Description of the task:
Word for word, copy the lines beginning at the one with "An einer Autobahn-Tankstelle" and ending at the last line below; pictures stay out.

Supplied information:
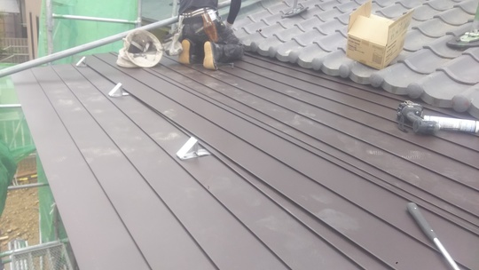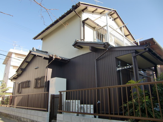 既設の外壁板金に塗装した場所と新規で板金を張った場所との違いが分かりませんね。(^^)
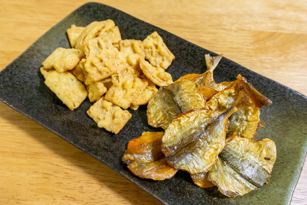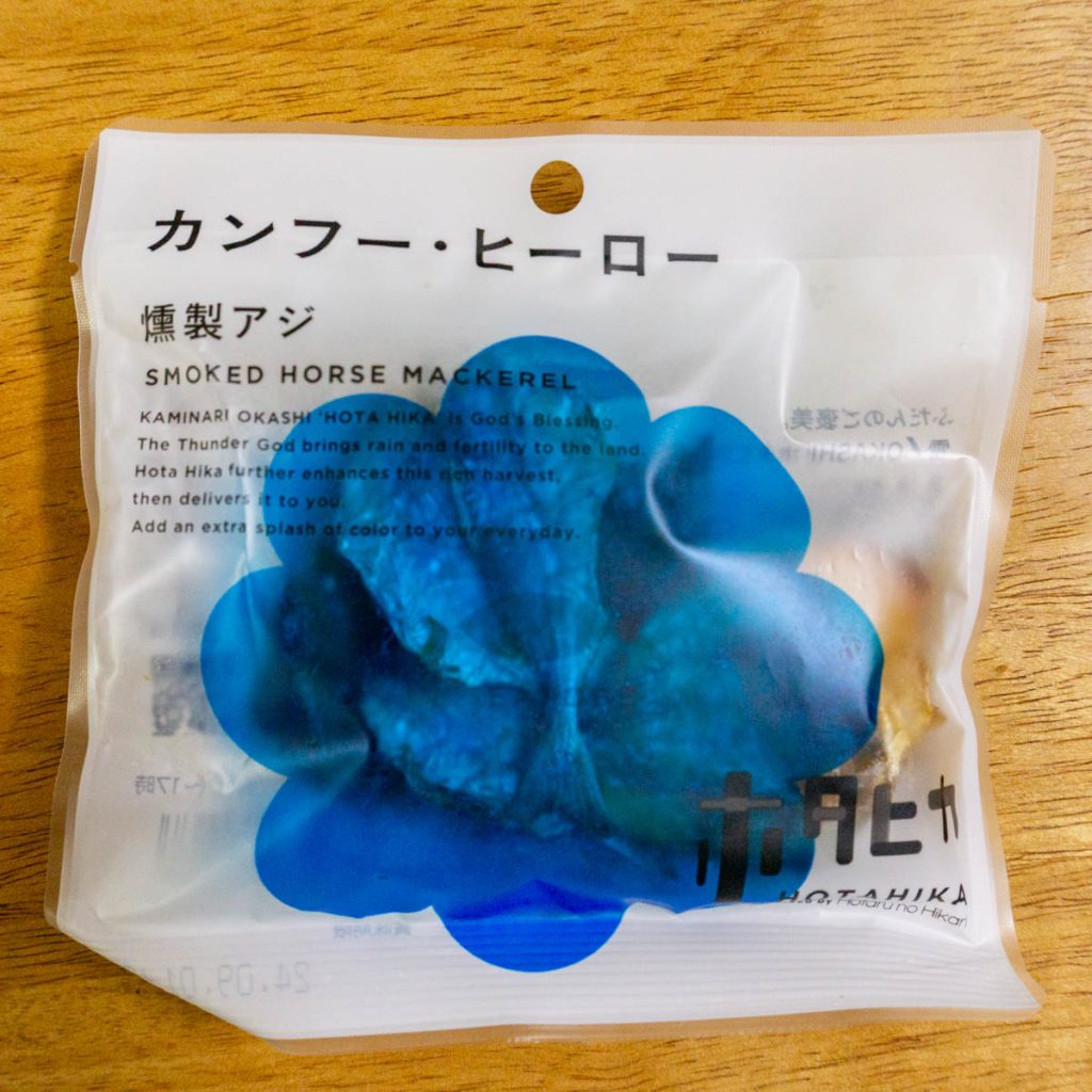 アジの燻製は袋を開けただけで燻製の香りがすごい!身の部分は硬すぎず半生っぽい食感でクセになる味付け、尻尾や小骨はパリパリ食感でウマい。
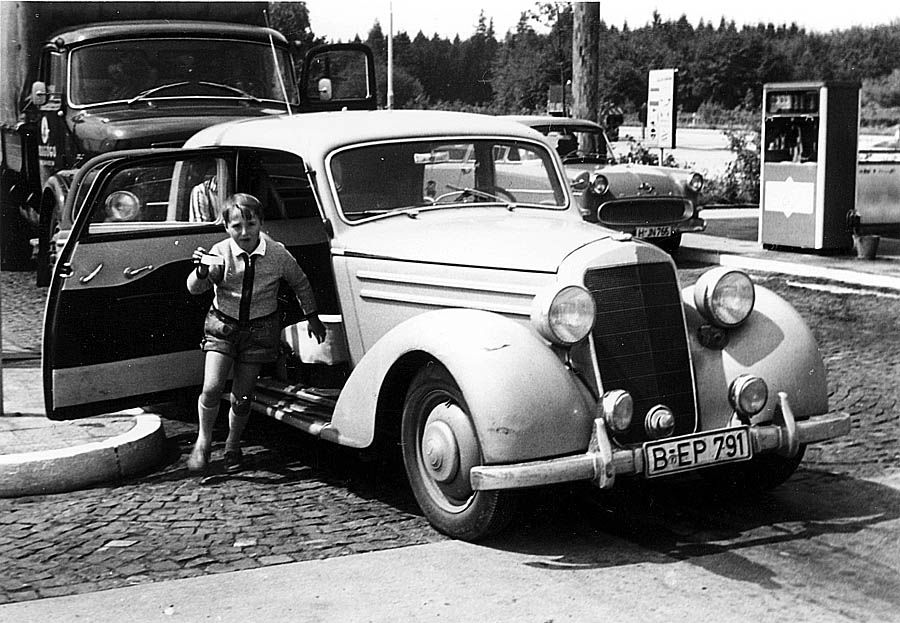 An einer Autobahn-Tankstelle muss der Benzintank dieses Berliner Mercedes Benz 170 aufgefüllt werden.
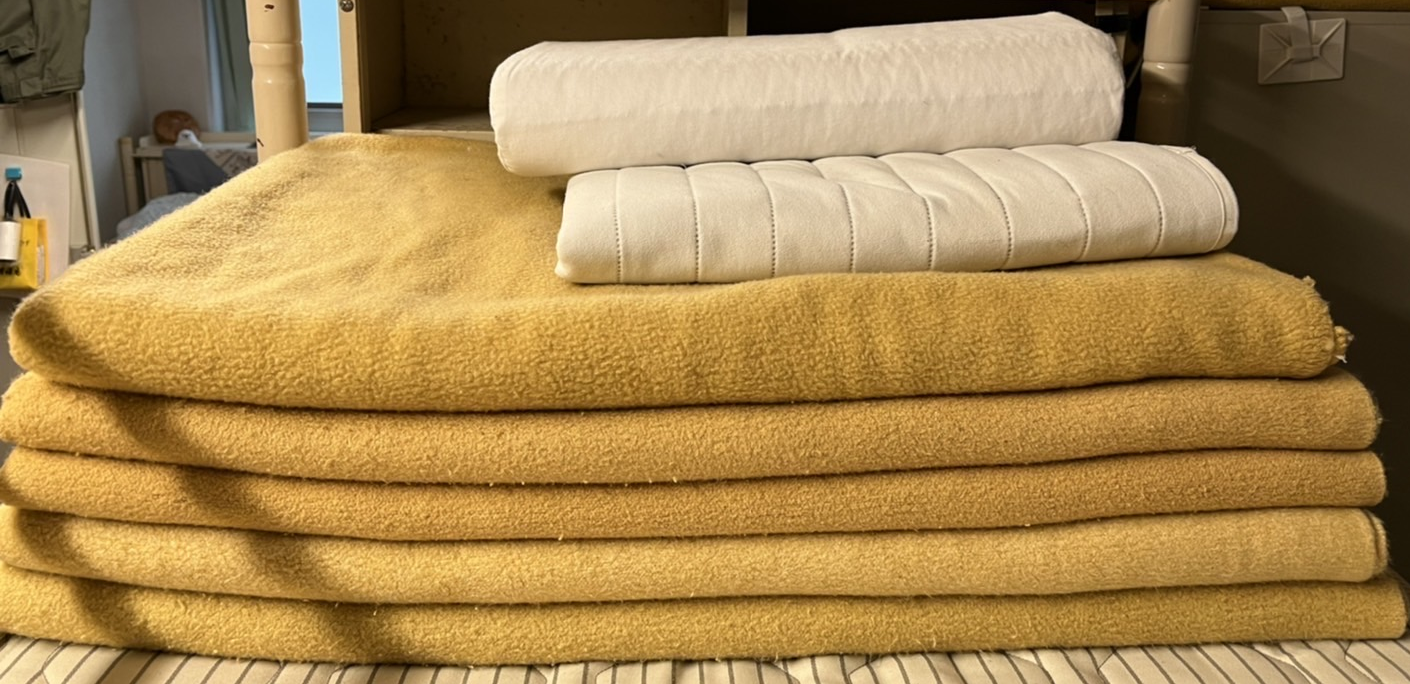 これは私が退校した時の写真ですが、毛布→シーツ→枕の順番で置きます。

Problem solution:
 An einer Autobahn-Tankstelle muss der Benzintank dieses Berliner Mercedes Benz 170 aufgefüllt werden.
 これは私が退校した時の写真ですが、毛布→シーツ→枕の順番で置きます。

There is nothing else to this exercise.